Question

Directions: The following question has four choices, out of which one or more are correct. The potential energy function of a particle moving in one dimension is $U=k[x-\frac{x^3}{3a^2}],$ where $a$ and $k$ areconstants.

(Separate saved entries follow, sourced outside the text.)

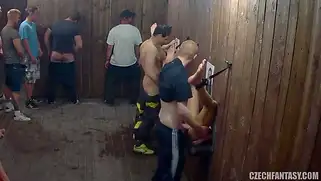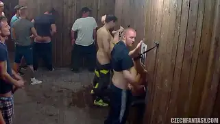 Prostoporno - Парни ебут привлекательных сучек через дырки в стене, глядя на фотографии красоток, некоторые самцы довольно быстро кончают куда придется после ебли кисок
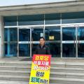 울산 울주군 중대노인당 김포경 총무가 웅촌면 행정복지센터 앞에서 1인 시위를 하고 있다. 오상민 기자 지난해 여름 폭염 속 경로당...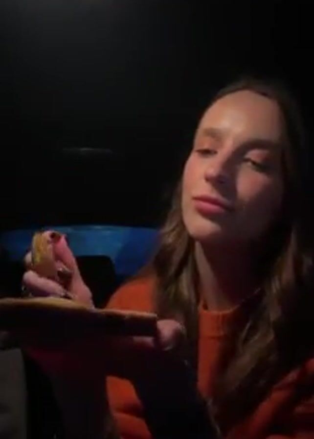 young, fair-skinned woman with brown hair sitting in a car. She's wearing an orange sweater and looking directly at the camera. She holds a piece of what appears to be bread or toast in one hand and uses a small wooden spoon in the other to spread something light brown and creamy on it. The lighting is dim, but there's a ring light above, providing some illumination. The car's interior is mostly black, and a blurred, indistinct scene can be seen through the back window.

Then,

• (A) equilibrium is stable at x = a/2
• (B) equilibrium is stable at x = -a
• (C) at stable equilibrium, PE = -2ka/3
• (D) equilibrium is stable at x = +a

Answer 1

The Correct Option is A, D

Explanation:
Force corresponding to potential energy is,$$F=-\frac{dU}{dx}=-k[1-\frac{x^2}{a^2}]$$For equilibrium, $F=0.$ Therefore,$$\begin{array}{rl}1-\frac{x^2}{a^2}& =0\\ x& =\pm a\end{array}$$For stable equilibrium,$$\frac{d^{2}U}{d{x}^2}>0$$$$\frac{d^{2}U}{d{x}^2}=-\frac{2x}{a^2}$$$$\begin{array}{l}{\frac{d^{2}U}{d{x}^2}|}_{\text{at }x=a}=-\frac{2}{a}<0,\text{ so unstable }\\ {\frac{d^{2}U}{d{x}^2}|}_{\text{at }x=-a}=\frac{2}{a}>0,\text{ so stable }\end{array}$$Potential energy at $x=-a$ is$$U=k[-a+\frac{a^3}{3a^2}]=-\frac{2ka}{3}$$Hence, this is the required solution.